I had a 97 Fiat Cinquecento (91k on the clock) for 5 years (adored the low petrol usage,easy parking, 1.1 engine so quite nippy) My husband hated it because of the safety aspect (no air-bags, so small that a minor collision could have meant me wearing the engine!) Finally bit the bullet on 1st July and bought a Yaris - can't understand why I resisted so long - although I do miss the sun-roof, esp. after the weather this week!!

It really depends on your other outlays elefantfresh - mortgage, credit union loan, credi card bills etc. IMO you can't put a price on your life or your family's lives. On the other hand, if you're happy with the Fiesta and wouldn't have problems if you were car-less for a few days, in the event of repairs etc. no point shelling out €15-20K. Fiestas are good runners, not rustbuckets and hold their value quite well. Even at 10 yrs old, the low mileage should mean its worth around €2000-2500 privately or trade-in.

BTW main dealer allowed me €1700 on my little car, (a year younger but 20k miles more) so maybe do a bit of digging to see what you'd get trade-in and then decide. Nissan are doing a 90's deal and will allow you 2-3K depending on what model you buy. IMO can't fault Toyota from the safety aspect, (9 air bags in the Yaris model I have- although to be fair I'm prejudiced as a Carina E saved my husbands live twice!), good value for money, 3 yr free-recovery(even for something as minor as a puncture!) 3 yr service warranty and 12 yr anti-corrosion. Sorry waffling now!! Love the new car!! Hope this has been helpful and it all works out for you, Amanda.


----------



## dahamsta (19 Jul 2006)

Sorry to wander a tad OT, but is there some sort of scrappage scheme on at the moment, related to waste disposal / environment?

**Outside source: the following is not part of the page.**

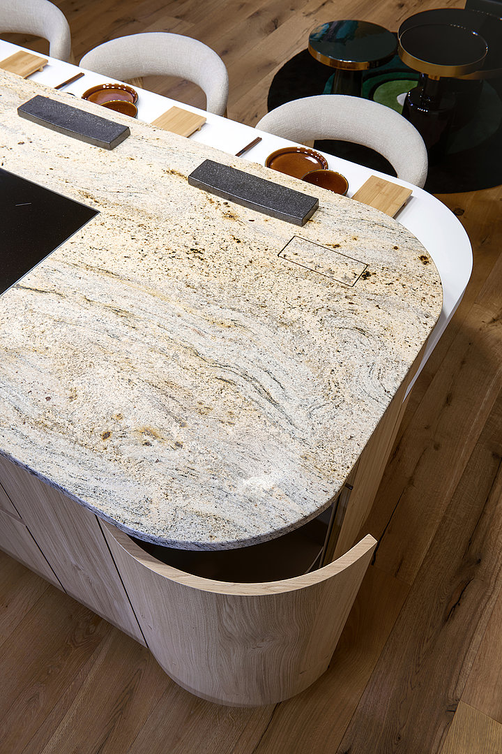 A kitchen with an emphasis on gently curved lines

My gf is convinved there is, but I can't find anything up to date on the web (there's a few references, but they vary in details).

adam


----------



## elefantfresh (19 Jul 2006)

thanks for all the replys people - i guess i'll let the garage decide for me tomorrow when they tell me how much it will cost to keep him motoring! i'm not that pushed about getting a new car if this one will keep plodding along. i don't do much country driving. mostly just commuting about dublin. i suppose if i was doing serious milage i'd have to think about something bigger. i do like the focus though....but don't tell my fiesta that!


----------



## Sunnyboy (19 Jul 2006)

dahamsta said:
			
		

> is there some sort of scrappage scheme on at the moment,adam


 
Would it be the Nissan ad. I think they are offering 3k on all trade inns regardless of the condition of the car.

Having siad that, I was checking the price of a new Nisssan Almera against the price of a new Toyota Corolla in the UK about a year ago. The Nissan was over 2K cheaper than the Toyota. For some reason at the same time they were both the same price in Ireland. Nissan had an offer that you could swop your nissan when it was one year old for a similar brand new car.

Toyota had no gimmicks. - Go figure.


----------



## elefantfresh (24 Jul 2006)

thanks for all the replies people - picked up the car this morning and cost me total 500e from proper ford garage. new exhaust. new alternator. oil change. new oil filter. new rear brake pads. and they fixed my radio! hurrah! mechanic reckons its going to cost "about" 500e each year now as it gets older and older but as the milage is only about 70k he thinks i should easily get another 3-4 years of it with regular servicing. 
thanks again!


----------